# Your goal:
Pictures are to be skipped. Retype exactly the lines from the top of the material through the one with "Chanel Old Medium", and only those.

# Extracted records:
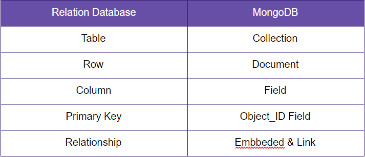 : 관계형 데이터베이스와 MongoDB의 비교 표 (아래)
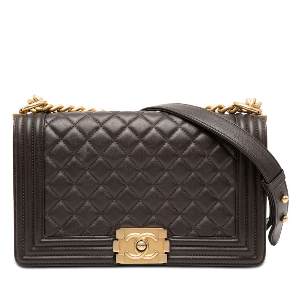 Chanel Old Medium Quilted Lambskin Boy Flap Brown Medium Lea
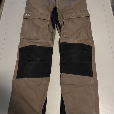 Tur-/friluftsbukse for barn i størrelse 146 -152. Buksen er i blå farge med mørkere felt på knær og sete. Egnet til fottur og annen utendørs aktivitet. Buksen har flere lommer foran og på lårene for praktisk oppbevaring. Det er synlig en mindre rift/skade i stoffet på det ene beinet, som vist på bilde.
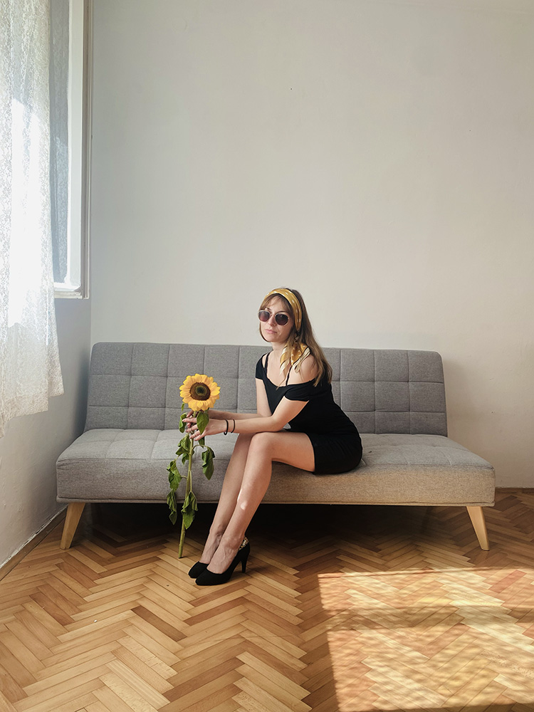 Summer is for sunshine and flowers! As autumn slowly takes over, the summer aesthetic seems so bittersweet nostalgic. Memories of carefree long days, warm colors, the sea and gelato linger in my mind no matter how much I can't let go of them. Also, the thought of my sunny little apartment in the old part of Split is inevitable. With a sunflower on the window, I spent the happiest moments of every summer in that apartment. Aesthetically speaking, a little black dress can be perfectly integrated into a summer look, softening it with a cheerful yellow scarf tied in the hair. I like to connect my personal style with the space I stay in, so for the first published series of photos, the atmosphere of the apartment with sunflowers played a key role in combining elegance with Mediterranean charm.
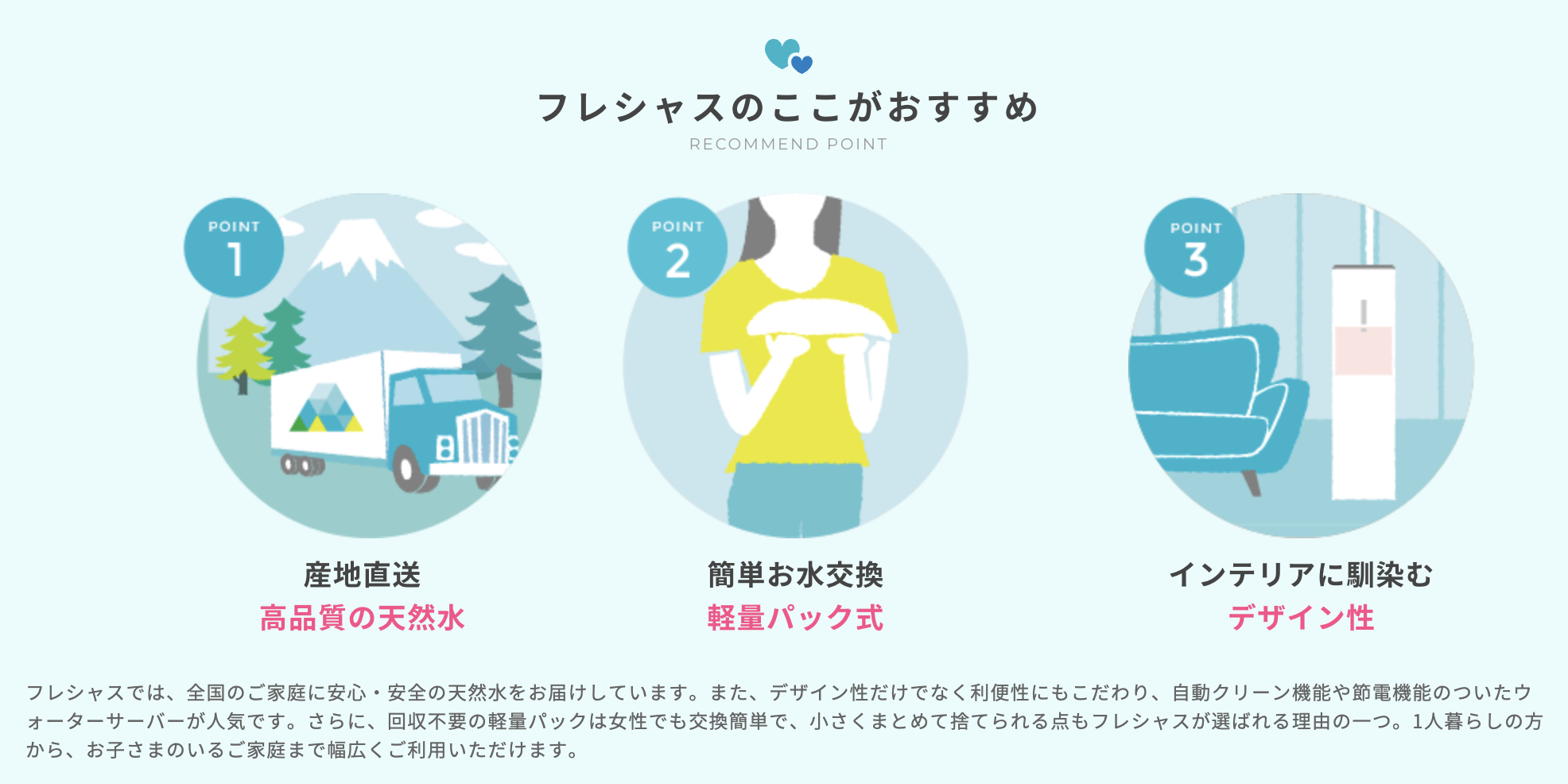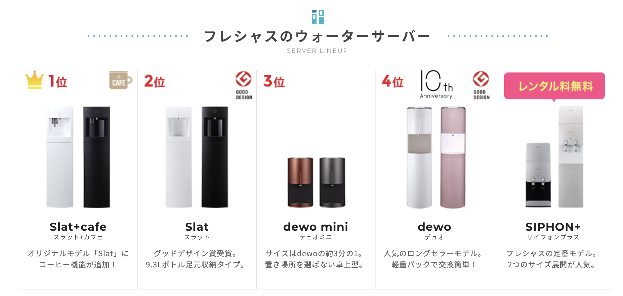 おいしくて、使いやすくて、見た目も満足できるウォーターサーバーを探している方は、ぜひ【フレシャス】を検討してみてください。

# Answer:
 : 관계형 데이터베이스와 MongoDB의 비교 표 (아래)
 Chanel Old Medium Quilted Lambskin Boy Flap Brown Medium Lea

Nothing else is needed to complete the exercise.